→ **Prompt**: Print out the data below in full and exactly, skipping the pictures.

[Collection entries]
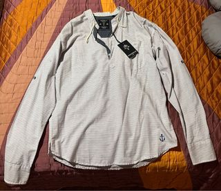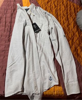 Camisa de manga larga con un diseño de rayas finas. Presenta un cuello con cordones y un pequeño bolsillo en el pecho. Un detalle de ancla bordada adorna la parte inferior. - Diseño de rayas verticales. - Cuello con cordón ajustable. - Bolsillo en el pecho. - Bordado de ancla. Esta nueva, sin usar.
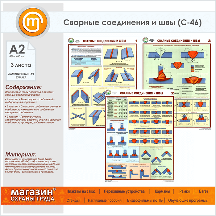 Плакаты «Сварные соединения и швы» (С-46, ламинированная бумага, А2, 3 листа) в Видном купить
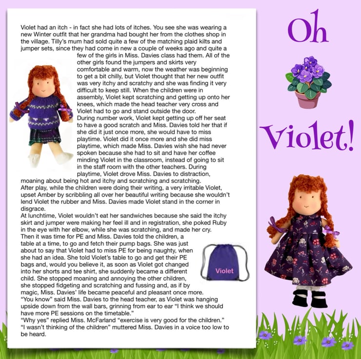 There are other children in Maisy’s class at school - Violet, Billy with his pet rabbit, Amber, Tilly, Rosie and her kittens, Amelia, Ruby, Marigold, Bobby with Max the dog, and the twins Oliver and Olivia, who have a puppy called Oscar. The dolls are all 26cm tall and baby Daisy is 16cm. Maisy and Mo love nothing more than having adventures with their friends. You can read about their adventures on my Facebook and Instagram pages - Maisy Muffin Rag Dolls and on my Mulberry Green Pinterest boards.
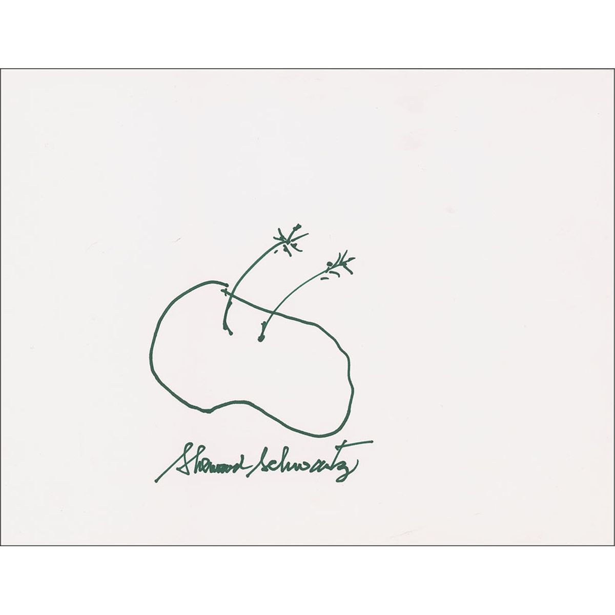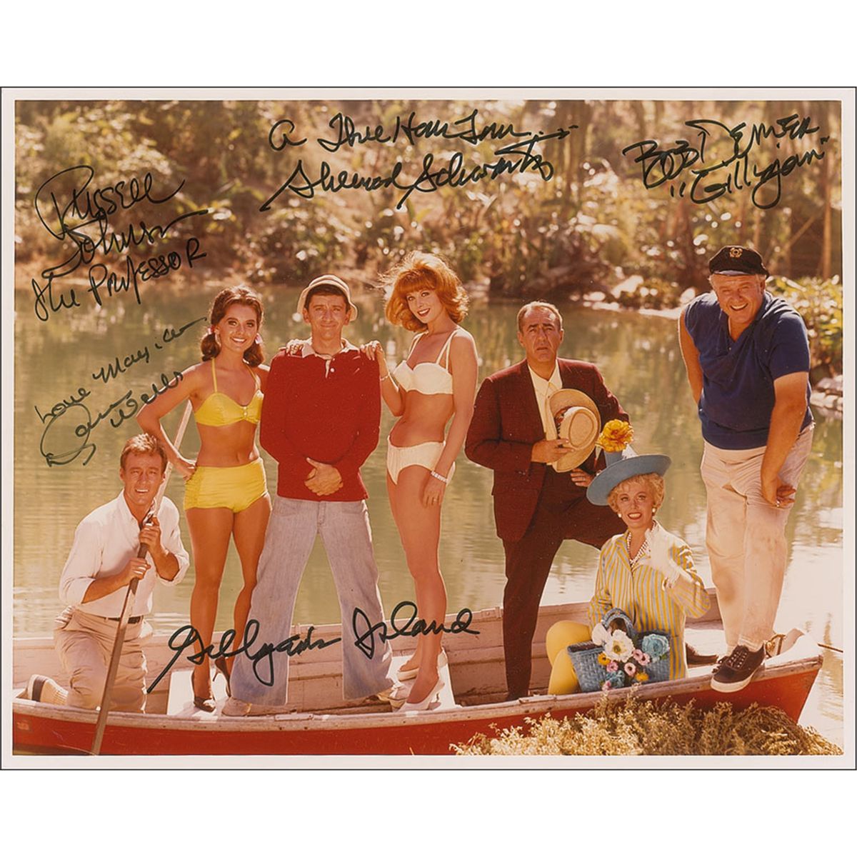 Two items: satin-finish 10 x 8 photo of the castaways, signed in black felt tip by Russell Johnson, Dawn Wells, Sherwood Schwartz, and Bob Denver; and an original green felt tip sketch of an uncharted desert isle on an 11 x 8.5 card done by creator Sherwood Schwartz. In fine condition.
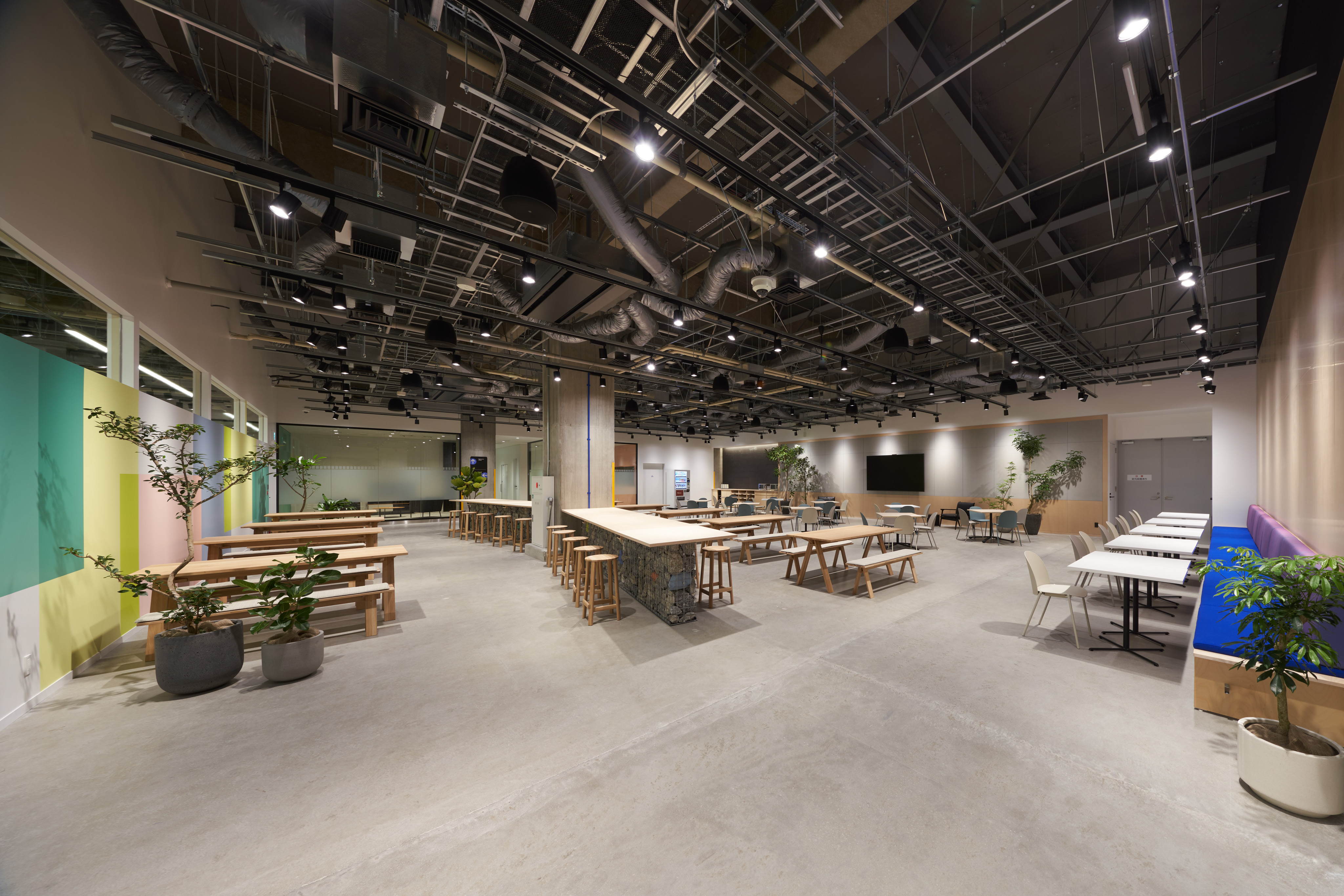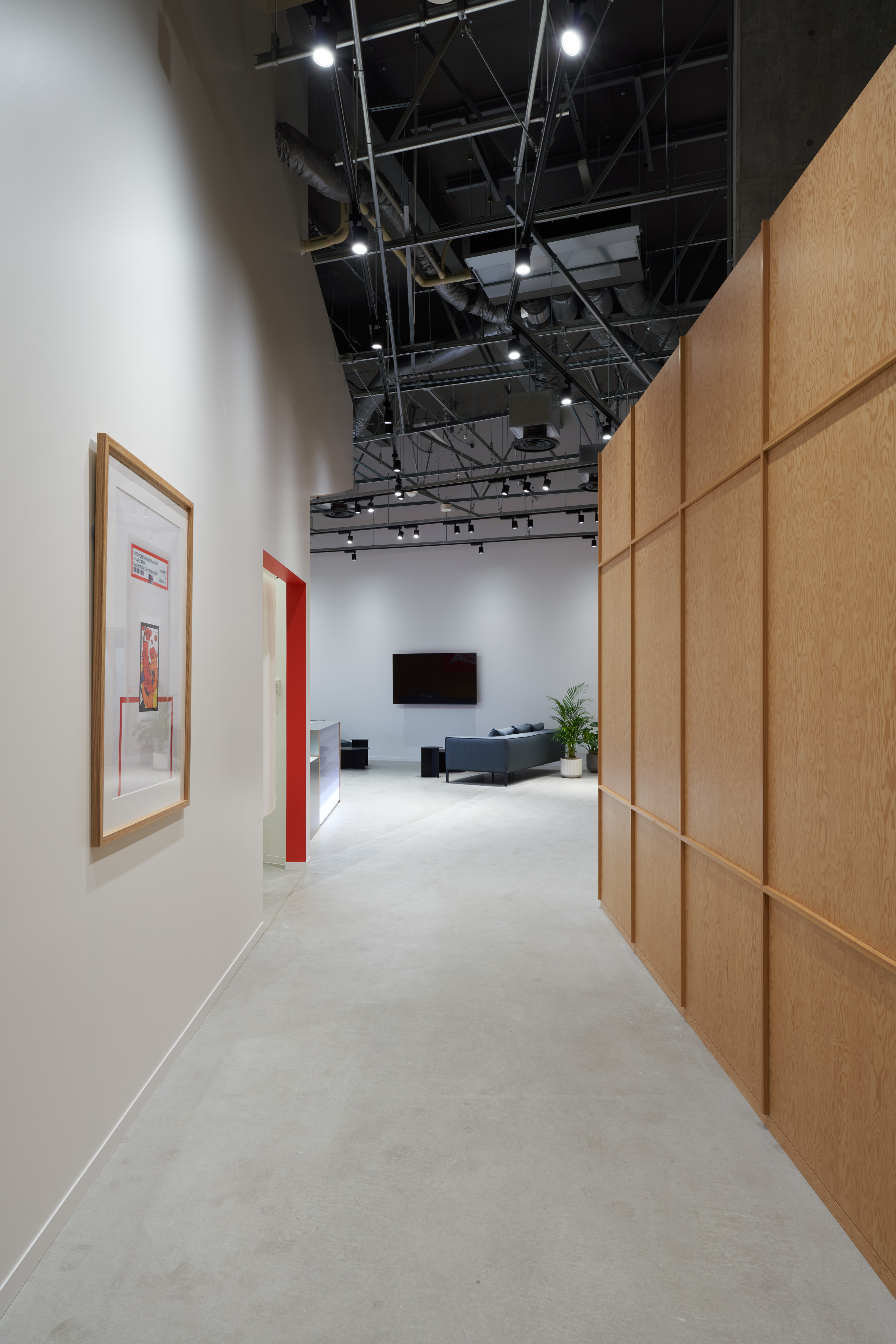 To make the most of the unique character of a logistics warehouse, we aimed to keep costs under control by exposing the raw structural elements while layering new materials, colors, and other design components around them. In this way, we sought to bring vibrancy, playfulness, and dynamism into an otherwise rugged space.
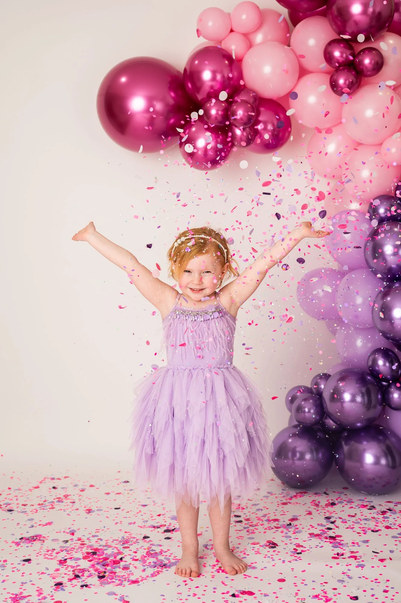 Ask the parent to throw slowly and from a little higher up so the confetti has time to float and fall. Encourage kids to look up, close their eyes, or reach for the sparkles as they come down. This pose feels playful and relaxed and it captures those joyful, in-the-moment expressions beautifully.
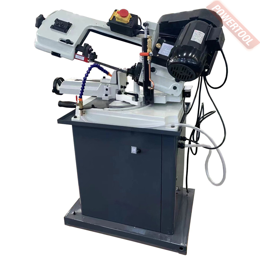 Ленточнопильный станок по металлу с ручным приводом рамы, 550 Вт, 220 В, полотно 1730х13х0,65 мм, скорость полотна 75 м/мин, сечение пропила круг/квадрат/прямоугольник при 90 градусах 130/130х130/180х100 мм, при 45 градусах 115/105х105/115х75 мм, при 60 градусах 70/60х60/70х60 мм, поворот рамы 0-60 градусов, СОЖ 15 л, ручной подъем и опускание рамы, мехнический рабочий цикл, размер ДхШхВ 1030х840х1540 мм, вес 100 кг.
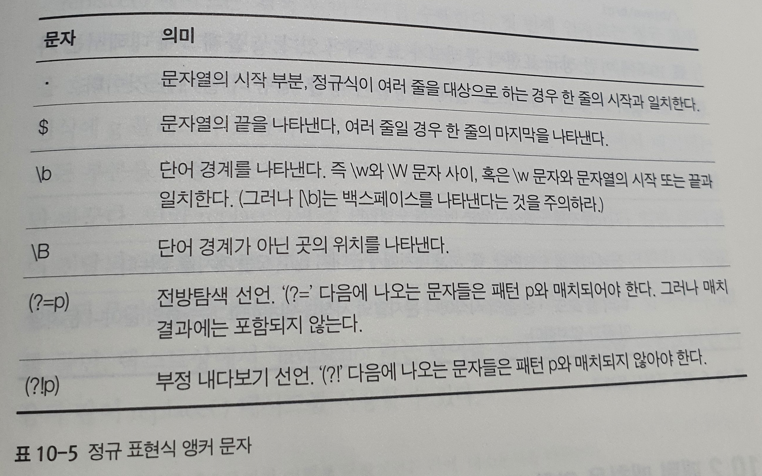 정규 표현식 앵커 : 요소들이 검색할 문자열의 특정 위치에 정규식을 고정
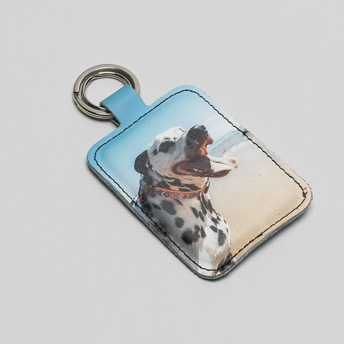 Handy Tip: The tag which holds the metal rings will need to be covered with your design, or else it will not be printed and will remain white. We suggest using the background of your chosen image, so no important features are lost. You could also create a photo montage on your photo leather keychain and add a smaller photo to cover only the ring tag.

→ **Exercise result**:
 Camisa de manga larga con un diseño de rayas finas. Presenta un cuello con cordones y un pequeño bolsillo en el pecho. Un detalle de ancla bordada adorna la parte inferior. - Diseño de rayas verticales. - Cuello con cordón ajustable. - Bolsillo en el pecho. - Bordado de ancla. Esta nueva, sin usar.
 Плакаты «Сварные соединения и швы» (С-46, ламинированная бумага, А2, 3 листа) в Видном купить
 There are other children in Maisy’s class at school - Violet, Billy with his pet rabbit, Amber, Tilly, Rosie and her kittens, Amelia, Ruby, Marigold, Bobby with Max the dog, and the twins Oliver and Olivia, who have a puppy called Oscar. The dolls are all 26cm tall and baby Daisy is 16cm. Maisy and Mo love nothing more than having adventures with their friends. You can read about their adventures on my Facebook and Instagram pages - Maisy Muffin Rag Dolls and on my Mulberry Green Pinterest boards.
 Two items: satin-finish 10 x 8 photo of the castaways, signed in black felt tip by Russell Johnson, Dawn Wells, Sherwood Schwartz, and Bob Denver; and an original green felt tip sketch of an uncharted desert isle on an 11 x 8.5 card done by creator Sherwood Schwartz. In fine condition.
 To make the most of the unique character of a logistics warehouse, we aimed to keep costs under control by exposing the raw structural elements while layering new materials, colors, and other design components around them. In this way, we sought to bring vibrancy, playfulness, and dynamism into an otherwise rugged space.
 Ask the parent to throw slowly and from a little higher up so the confetti has time to float and fall. Encourage kids to look up, close their eyes, or reach for the sparkles as they come down. This pose feels playful and relaxed and it captures those joyful, in-the-moment expressions beautifully.
 Ленточнопильный станок по металлу с ручным приводом рамы, 550 Вт, 220 В, полотно 1730х13х0,65 мм, скорость полотна 75 м/мин, сечение пропила круг/квадрат/прямоугольник при 90 градусах 130/130х130/180х100 мм, при 45 градусах 115/105х105/115х75 мм, при 60 градусах 70/60х60/70х60 мм, поворот рамы 0-60 градусов, СОЖ 15 л, ручной подъем и опускание рамы, мехнический рабочий цикл, размер ДхШхВ 1030х840х1540 мм, вес 100 кг.
 정규 표현식 앵커 : 요소들이 검색할 문자열의 특정 위치에 정규식을 고정
 Handy Tip: The tag which holds the metal rings will need to be covered with your design, or else it will not be printed and will remain white. We suggest using the background of your chosen image, so no important features are lost. You could also create a photo montage on your photo leather keychain and add a smaller photo to cover only the ring tag.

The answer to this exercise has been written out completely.